Stored data: Begin

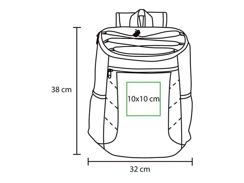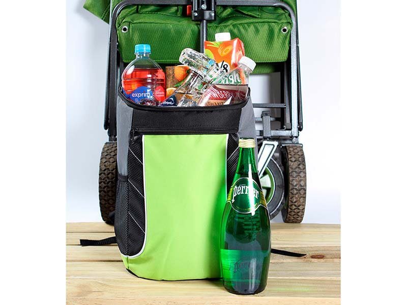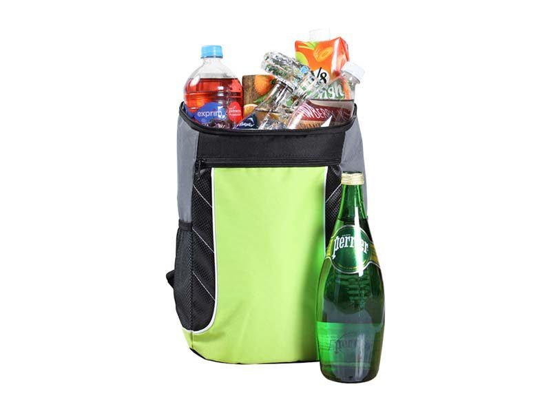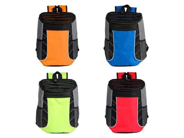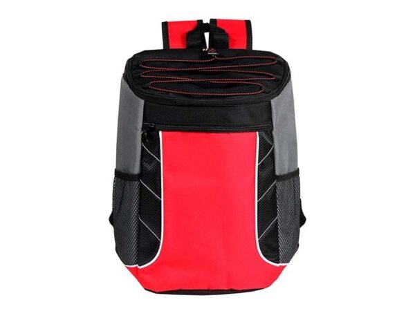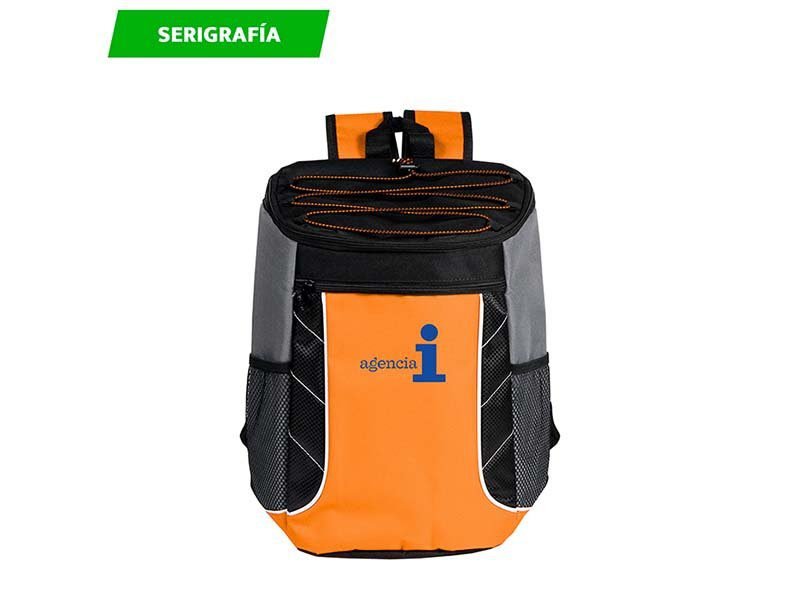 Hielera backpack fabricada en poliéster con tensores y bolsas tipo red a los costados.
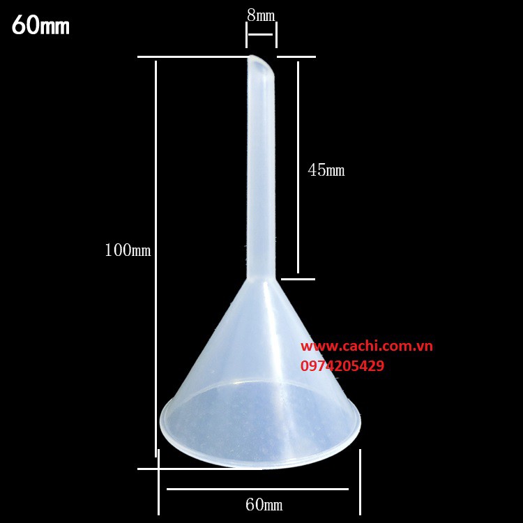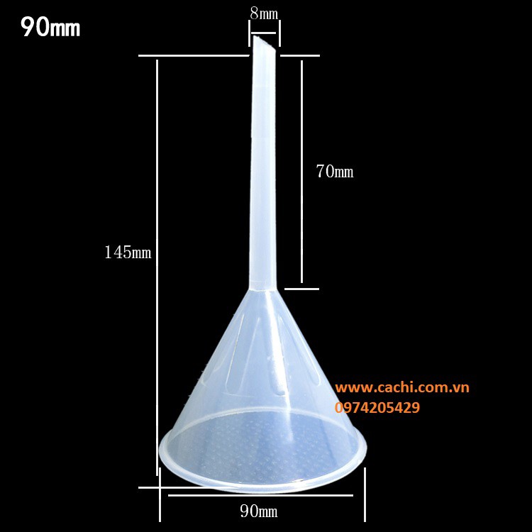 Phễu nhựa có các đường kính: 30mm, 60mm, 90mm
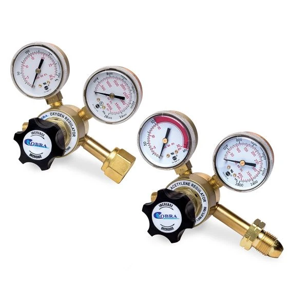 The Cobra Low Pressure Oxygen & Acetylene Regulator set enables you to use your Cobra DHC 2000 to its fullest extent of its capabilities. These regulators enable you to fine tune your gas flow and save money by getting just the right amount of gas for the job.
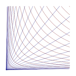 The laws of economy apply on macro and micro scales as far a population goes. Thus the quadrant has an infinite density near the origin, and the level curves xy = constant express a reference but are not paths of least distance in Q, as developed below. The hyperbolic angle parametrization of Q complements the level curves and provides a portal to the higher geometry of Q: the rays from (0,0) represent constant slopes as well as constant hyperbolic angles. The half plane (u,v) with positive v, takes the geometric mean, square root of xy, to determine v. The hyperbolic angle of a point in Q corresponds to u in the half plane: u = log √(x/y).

Stored data: End

Pictures excluded, copy exactly the lines running from the one with "Phễu nhựa có" through the last line of the material.

-- Your response --
 Phễu nhựa có các đường kính: 30mm, 60mm, 90mm
 The Cobra Low Pressure Oxygen & Acetylene Regulator set enables you to use your Cobra DHC 2000 to its fullest extent of its capabilities. These regulators enable you to fine tune your gas flow and save money by getting just the right amount of gas for the job.
 The laws of economy apply on macro and micro scales as far a population goes. Thus the quadrant has an infinite density near the origin, and the level curves xy = constant express a reference but are not paths of least distance in Q, as developed below. The hyperbolic angle parametrization of Q complements the level curves and provides a portal to the higher geometry of Q: the rays from (0,0) represent constant slopes as well as constant hyperbolic angles. The half plane (u,v) with positive v, takes the geometric mean, square root of xy, to determine v. The hyperbolic angle of a point in Q corresponds to u in the half plane: u = log √(x/y).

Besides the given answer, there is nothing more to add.